Rowland Grating and wooden case Rowland Gratings metal concave mirrors

Rowland Gratings #10648, 10649, 10659, 10660, and 10661
Henry A. Rowland and John A. Brashear
In 1882 Henry Rowland (1848-1901) at Johns Hopkins University devised an extraordinarily uniform screw which he used as the heart of his new ruling engine. With this system he produced diffraction gratings that were by far the best made at the time. For many years John Brashear made the speculum metal concave mirrors on which Rowland and his helpers ruled gratings with tens of thousands of lines per inch. Because of the uniformity of the grating spacings they avoided the "ghost" lines seen with less uniform gratings.
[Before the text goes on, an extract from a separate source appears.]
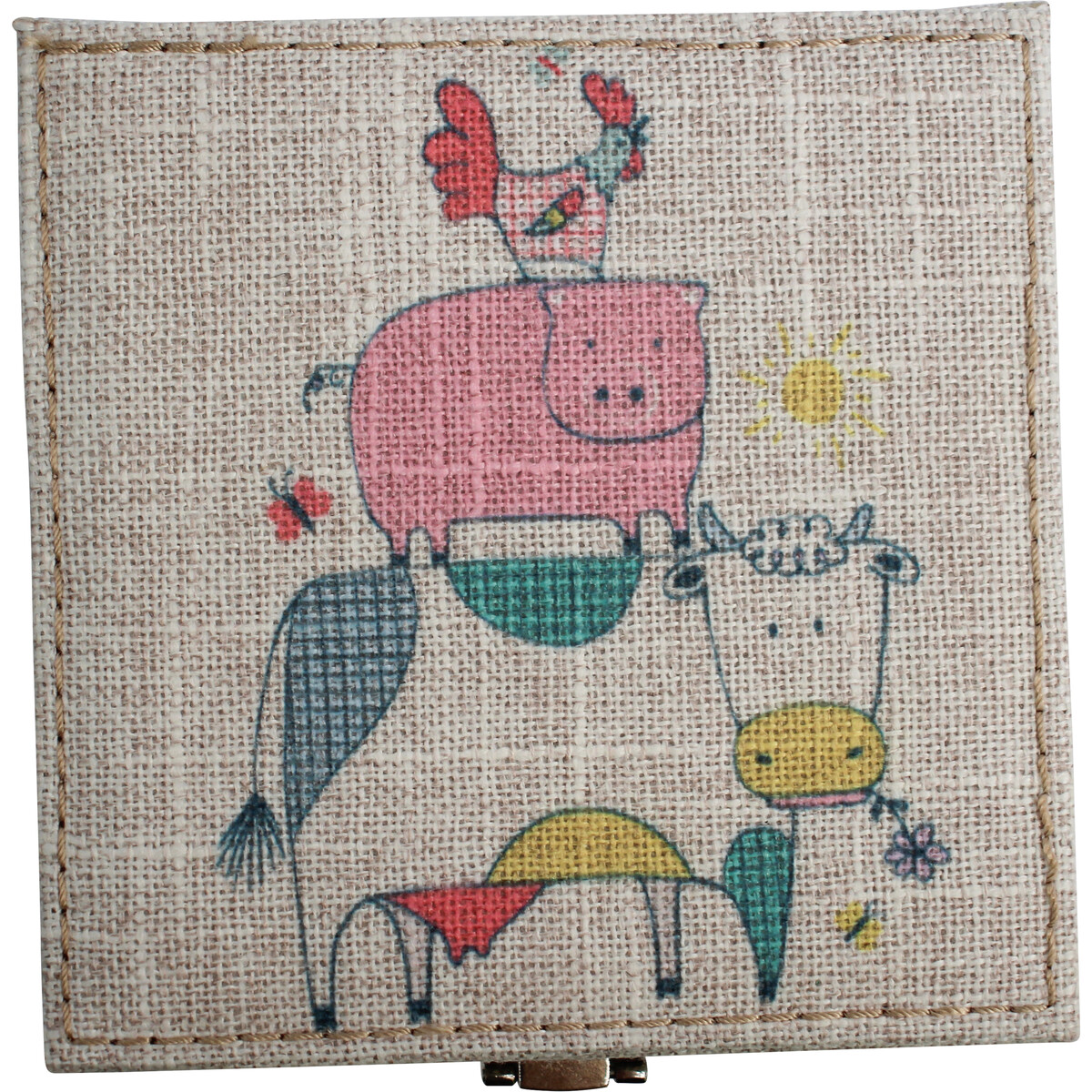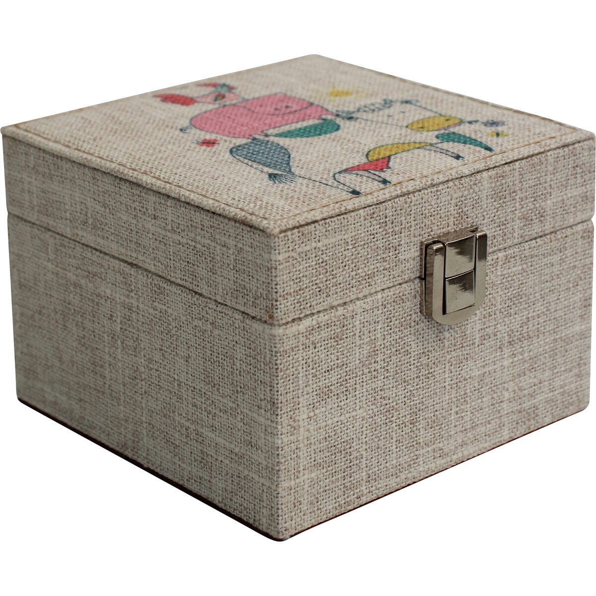Organizers and boxes that can hold your precious little treasures are always a necessity - especially if you like to keep those innumerable keepsakes, trinkets and little memorabilia, in a safe place. This box has a single compartment with a length of 13 cm, a width of 12 cm and depth of 8.5 cm, making this large enough for several of your little treasures. The MDF body gives it strength while the linen over with its adorable country friends on top, makes it a such a great way of making your table top look attractive would make a lively gift for a child just starting out on a collection of her own.

Rowland’s gratings, which were sold at cost to investigators all over the world, created a revolution in spectroscopy. The 6-inch grating, which was the largest size produced by Rowland, was probably purchased about the same time as a smaller one dated 1889. D.B. Brace also had a special grating made for his abortive attempt to measure the velocity of light in 1889.
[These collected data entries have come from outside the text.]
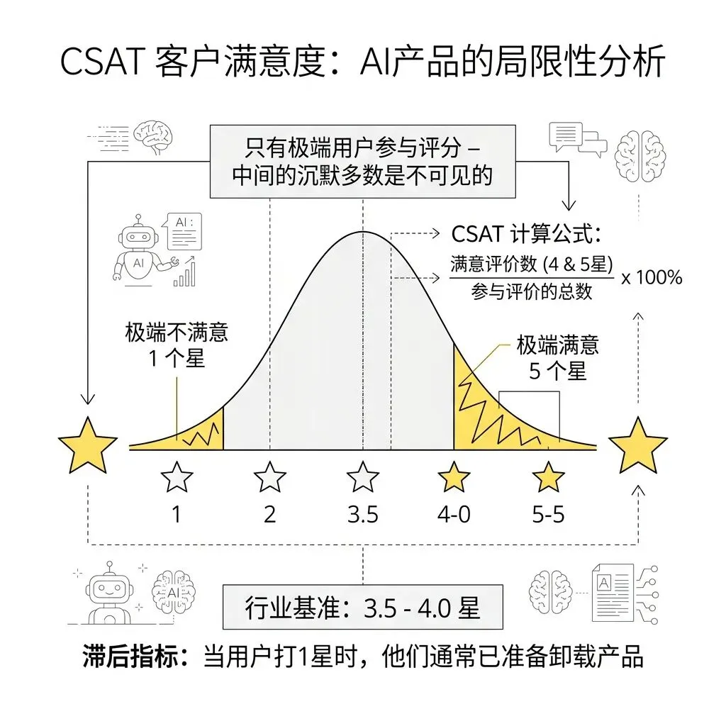 CSAT 其实是一个极毒的滞后指标。沉默的大多数都在用脚投票,只能拿它看宽泛的防守趋势,绝不能拿来做进取决策。
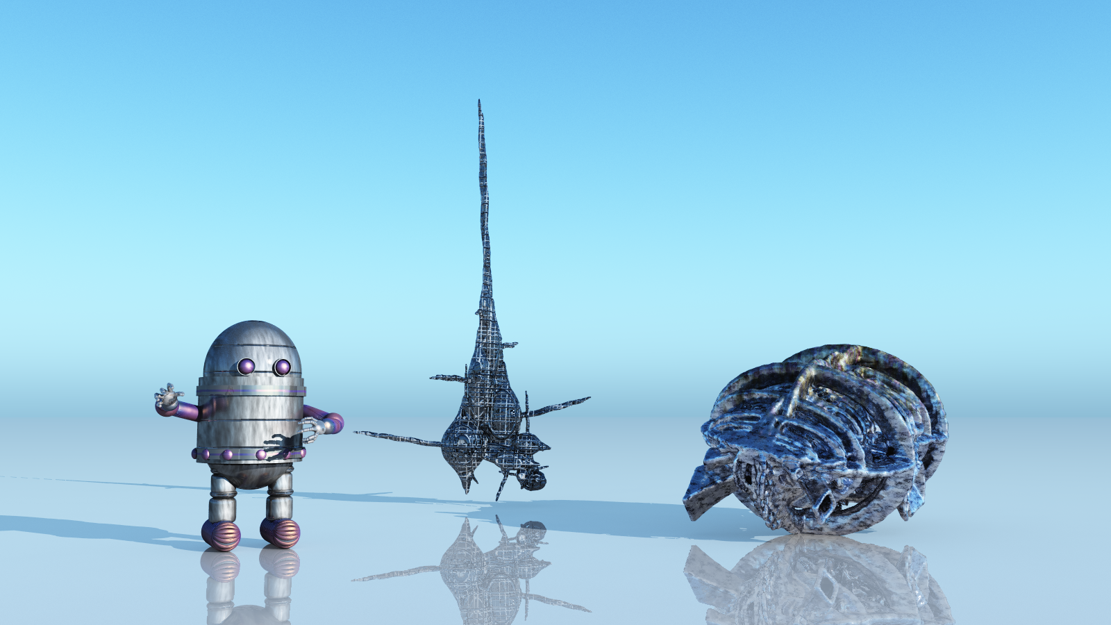 und hier noch angehängt die gemodelten Zutaten, zwei Incendia Fraktale und ein mal weiland von mir in Vue geschaffener kleiner Robot ![]()
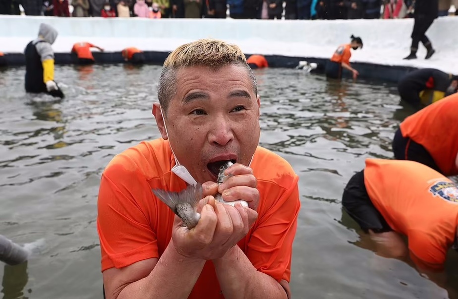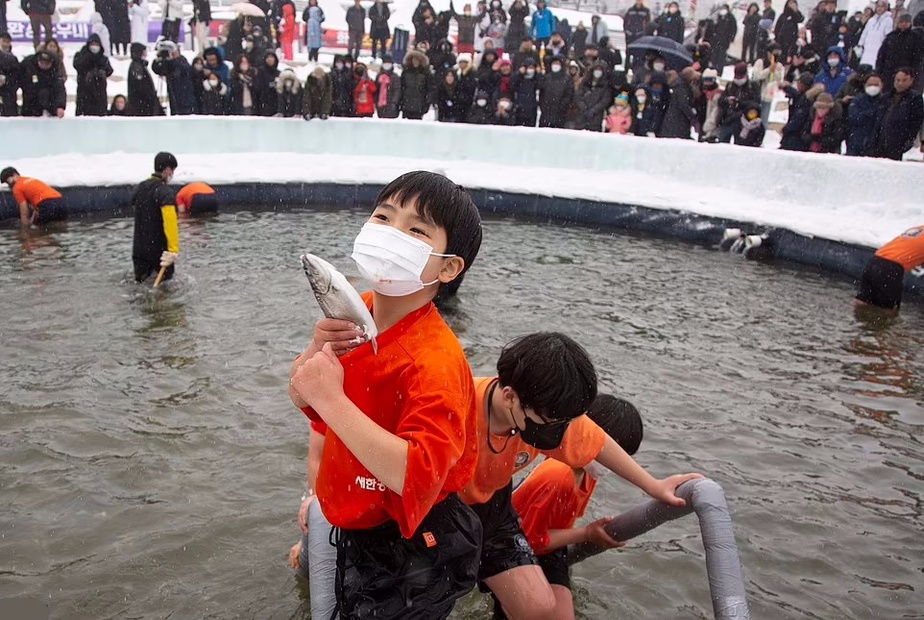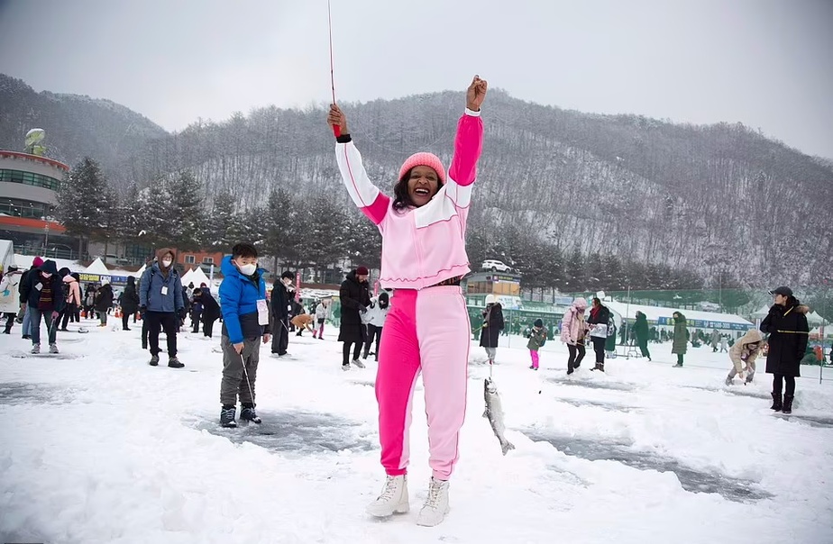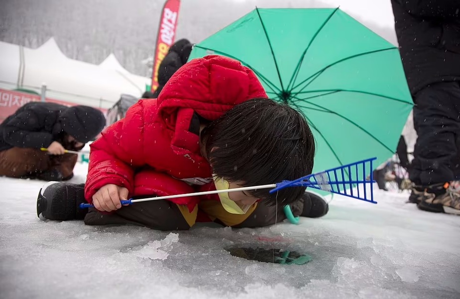 بازدیدکنندگان از سرتاسر جهان به جشنواره سانچئونئو هواچئون (Hwacheon Sancheoneo Festival)، که یک جشنواره ماهیگیری روی یخ در کره جنوبی است میروند تا از سوراخهای ایجاد شده در رودخانه یخ زده، ماهی قزل آلا صید کنند. امسال هم هزاران گردشگر برای صید ماهی با قلاب یا حتی دستان خالی در این جشنواره سالانه ماهیگیری به کره جنوبی هجوم بردهاند.
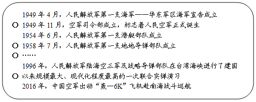 (2017·山西省·9)小丽同学查阅建国以来我国军队建设的相关资料后,制作了下面的大事年表。据此,她对军队建设所起的作用得出了如下结论,其中理解有误的是( )
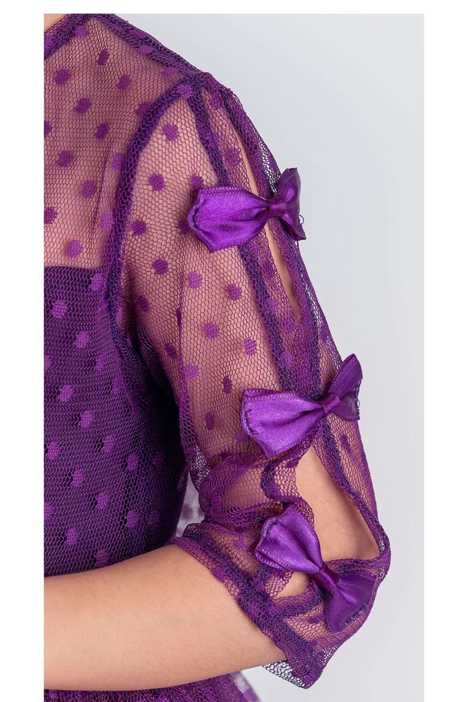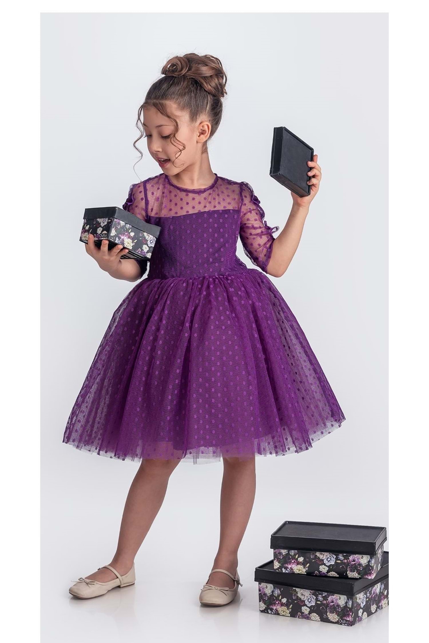 Dantel Puanlı, Uzun Kol Prenses Kız Çocuk Elbise M00707

References: Gerard L’E Turner, Nineteenth-Century Scientific Instruments, Berkeley, 1983, pp. 161-63; D.B. Brace, Science n.s.16, 81-94 (1902); John A. Brashear Company Catalogue Optical, Physical, Astrophysical, and Astronomical Instruments, 1906.

Echelon Grating

Echelon Grating #10333
Petitdidier, Chicago
Albert Michelson invented the echelon, which acts like a diffraction grating by virtue of a division of the wave front into parts that travel through different thicknesses of glass and are reunited at an angle depending on the wavelength. Echelons provide a very high resolution but since the orders overlap, they are generally used with a prism that allows only a narrow region of the spectrum to reach the echelon. Glass of very uniform thickness has to be used in the construction of echelons. Petitdidier advertised that his echelon plates differered from each other in optical thickness and parallelism by no more than one-twentieth of the wavelength of light. He made most of the echelons used in the United States.
References: George Monk, Light Principles and Experiments, New York, 1937, p.199-202; Deborah Jean Warner, "Octave Leon Petitdidier: Precision Optician," Rittenhouse 9, 54-58 (1995).